BEGIN Recorded information

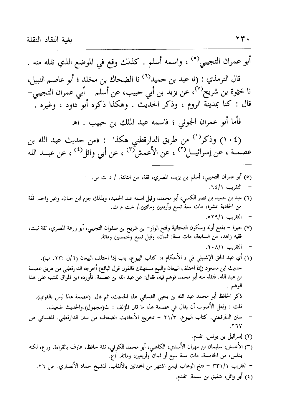 قال الترمذي: (نا عبد بن حميد (¬6) نا الضحاك بن مخلد؛ أبو عاصم النبيل، نا حَيوة بن شريح (¬7)، عن يزيد بن أبي حبيب، عن أسلم -أبي عمران التجيبي- قال: كنا بمدينة الروم، وذكر الحديث. وهكذا ذكره أبو داود، وغيره. فأما أبو عمران الجوني، فاسمه عبد الملك بن حبيب. اهـ
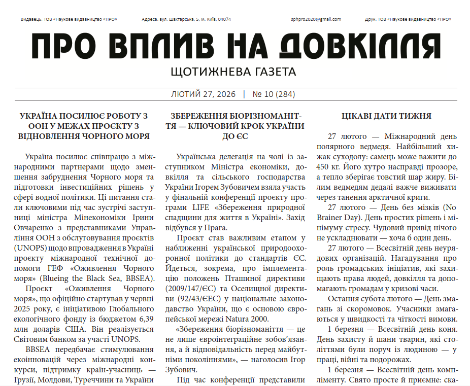 Газета «Про вплив на довкілля» продовжує інформувати про ключові рішення, події та тенденції у сфері екологічної політики, надрокористування та сталого розвитку.
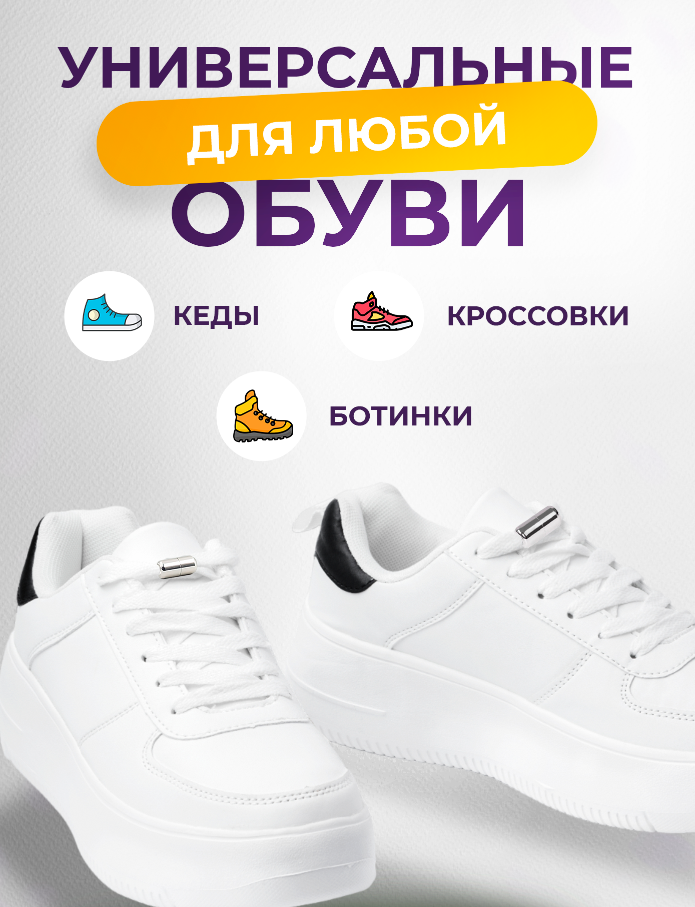 Белые шнурки для обуви, шнурки эластичные с фиксатором без завязок для кроссовок. 2 пары 199 ₽
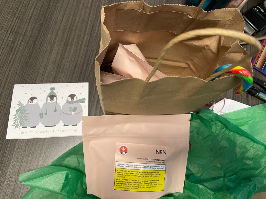 Lots of full focus things to do in an interrupted day but I was grateful for the nice breakfast start care of Nikki ordering for us from Hot Shots. After that it was full on. Clients in and out for assistance and to drop off a gift. Laurie brought me bath bombs to try from her store, Earth’s Own Naturals, which I am about to do when I finish this. Stacey stopped in previous to that and I gave her some I had bought for her to try. Funny timing. She invited me to come out and visit with them over the holidays, stay over if I like. I may just try to make that happen.

END Recorded information

Task instructions: Please reproduce all the material exactly. Pictures stay out of the copy.

Output below:
 قال الترمذي: (نا عبد بن حميد (¬6) نا الضحاك بن مخلد؛ أبو عاصم النبيل، نا حَيوة بن شريح (¬7)، عن يزيد بن أبي حبيب، عن أسلم -أبي عمران التجيبي- قال: كنا بمدينة الروم، وذكر الحديث. وهكذا ذكره أبو داود، وغيره. فأما أبو عمران الجوني، فاسمه عبد الملك بن حبيب. اهـ
 Газета «Про вплив на довкілля» продовжує інформувати про ключові рішення, події та тенденції у сфері екологічної політики, надрокористування та сталого розвитку.
 Белые шнурки для обуви, шнурки эластичные с фиксатором без завязок для кроссовок. 2 пары 199 ₽
 Lots of full focus things to do in an interrupted day but I was grateful for the nice breakfast start care of Nikki ordering for us from Hot Shots. After that it was full on. Clients in and out for assistance and to drop off a gift. Laurie brought me bath bombs to try from her store, Earth’s Own Naturals, which I am about to do when I finish this. Stacey stopped in previous to that and I gave her some I had bought for her to try. Funny timing. She invited me to come out and visit with them over the holidays, stay over if I like. I may just try to make that happen.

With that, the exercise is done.